İsveç hükümeti uzun süreler NATO üyeliği için iç düzeninde değişiklik yapmaya gerek olmadığını, başta ABD, NATO üyelerinin Türkiye’yi baskı altına alarak onu ikna edebileceğini düşündü. Türkiye’nin şikayetçi olduğu alanlarda kararlılıkla İsveç’ten değişiklik yapmasını beklediğini idrak etmesi bir hayli vakit aldı. Nihayet Türkiye’nin taleplerine bir şekilde cevap verildi, fakat çok geç kalındığından, yasalarda yapılan değişikliklerin uygulamada nasıl sonuçlar doğuracağı yeterince belli olmadı. Bu noktada İsveç hükümetinin biraz da baştan savmacı bir yaklaşım sergilediğini söylemek sanıyorum yanıltıcı olmaz. Bir ihtimal ülkemizdeki demokrasi standardının uluslararası alanda fazla hayranlık uyandırmaması nedeniyle, İsveç Hükümeti Türkiye’nin sıkıntılarının samimi olduğuna inanmadı. Henüz yeterince uygulanmamış tedbirleri sıralayıp, sözlerini yerine getirdiğini savunuyor. Nitekim, Bayramın ilk günü Stockholm’un en büyük camisinin önünde Kuran sayfasının yakılması karşısında derin üzüntü duyduğuna ilişkin ciddi bir tepki vermedi. “Ne yapalım, bizde işler böyledir çelebi, mahkeme karar vermiş, adam isterse yakar, biz de bakarız” türünden bir vaziyet aldı. Uluslararası tepki karşısında şimdi bazı adımlar atıyor.  Eğer rahatsızlığını baştan güçlü biçimde dile getirseydi, sanıyorum Türkiye’nin tepkisi daha anlayışlı olurdu. 

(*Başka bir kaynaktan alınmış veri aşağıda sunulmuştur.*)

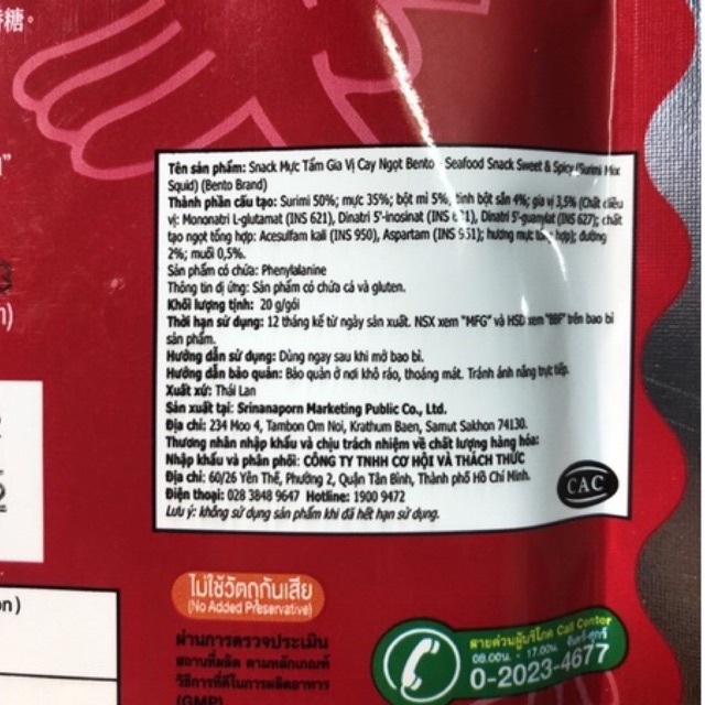 BENTO MỰC TẨM GIA VỊ THÁI LAN MÓN NHẬU CỰC NGON - Thành phần: mực, surimi, bột mì, ớt, đường, muối... - Khối lượng: gói 5g - 20g - Cách dùng: dùng ngay sau khi mở bao bì. - NSX: in trên bao bì - HSD: in trên bao bì - Bảo quản: nơi khô ráo thoáng mát ------------------ Hướng dẫn MUA nhiều mặt hàng /1 đơn hàng của Shop: Bước 1: Chọn từng mặt hàng với số lượng/ màu sắc/ vị -> ấn thêm vào giỏ hàng. Bước 2: Vào giỏ hàng của bạn (ở phía góc trên cùng bên phải) chọn bằng cách tích những sản phẩm bạn muốn mua rồi ấn mua hàng. Tip: Bạn đừng quên sử dụng mã FREESHIP để được hỗ trợ tiền ship nha. ***** BUN_SHOP1205 CAM KẾT: 1: Sản phẩm đúng nguồn gốc, xuất xứ. 2: Sản phẩm đúng chất lượng, an toàn cho sức khỏe người tiêu dung 3: Shop không bán hàng cận date hoặc hết date 4: Cam kết hoàn tiền 100% nếu xảy ra lỗi của Shop. Cảm ơn quý khách hàng đã luôn tin yêu và ủng hộ shop. Rất mong được phục vụ các bạn. Mọi thắc mắc về sản phẩm cũng như đơn hàng xin quý khách IBOX ngay cho Shop để được hỗ trợ nhanh nhất.

Şimdi de ülkemizin tutumuna bir bakalım. İsveç’te yaşanan saygısızlığın NATO’yu etkilemesi isteniyorsa, konunun İslam’a yapılan bir saygısızlığın ötesine taşınması ve NATO’nun savunduğu değerlere aykırı olduğunun ifadesi lazımdır. Örneğin, ABD’ye şikayetimizi anlatmanın en iyi yolu, Noel Günü Washington Katedralinin önünde İncil’den ya da Yom Kippur gibi kutsal bir Musevi gününde New York’un en büyük Sinagogunun önünde Tevrat’tan sayfalar yakmanın tabii bir özgürlük kullanımı mı olduğunu sorgulamaktır. Daha genel olarak, inanç sistemlerine karşılıklı saygının demokrasinin olmazsa olmazı olduğu vurgulanmalı; bazı inançlara saygısızlığın diğerlerine de saygısızlığı davet edeceğine, demokrasinin üzerinde yeşerdiği hoşgörü zeminini de ortadan kaldıracağına işaret edilmelidir. Özetle, NATO üyelerine konunun bir Türk sorunu olmayıp, bir demokrasi sorunu olduğunu anlatmamız gerekiyor. İsveç katılmayı çok arzuluyorsa, demokrasi anlayışını tüm NATO üyelerince benimsenen “inançlara saygı” istikametinde yeniden tanımlaması gerekiyor denmesi lazım. 

İsveç’teki olayı değerlendirirken, eylemi yapanın niyetinin İsveç’in NATO’ya girmesini zorlaştırmak olduğunun hatırlanması önemlidir. NATO, İsveç hükümetinden olanları onaylamadığını çok güçlü biçimde ifade eden çok net bir açıklama beklediğini dile getirmeliydi.  Böylece üyelik kapısı açık tutulurken, topun İsveç sahasına bırakılması, onun adım atmasına dönük baskı yaratılması uygun olurdu. Türkiye’nin, hiç beklemeden sert tepki vermesinin isabeti ise tartışmalıdır. Cumhurbaşkanımızın her zaman olduğu gibi, dahili kamuoyunu harekete geçirdiğinden ve kendisine destek sağladığından eminim. Ancak, izlenen tutum İsveç’in üyeliği konusunda ülkemizin hareket serbestisini daralttığı gibi, konuya NATO değil sadece bir Türkiye-İsveç meselesi görünümü kazandırıyor. Ülkemiz yeni baskılara muhatap oluyor. Korkarım haklı olduğumuz halde makul olmayan taraf bizmiş gibi algılanıyoruz. 

Dış siyasette acele etmeden, iç siyasi endişelerden uzak durarak ve iyi düşünerek hareket etmek lazım. İsveç’in üyeliğini engellemek değil, üye olurken Türkiye’nin taleplerine saygılı ve duyarlı olmasını istiyoruz. Dolayısıyla, özellikle Rusya’nın da iç sarsıntılar yaşadığı şu dönemde istikrarlı, sakin ve iç siyasi mülahazalara kapılmadan hareket etmemiz özel dönem kazanmaktadır.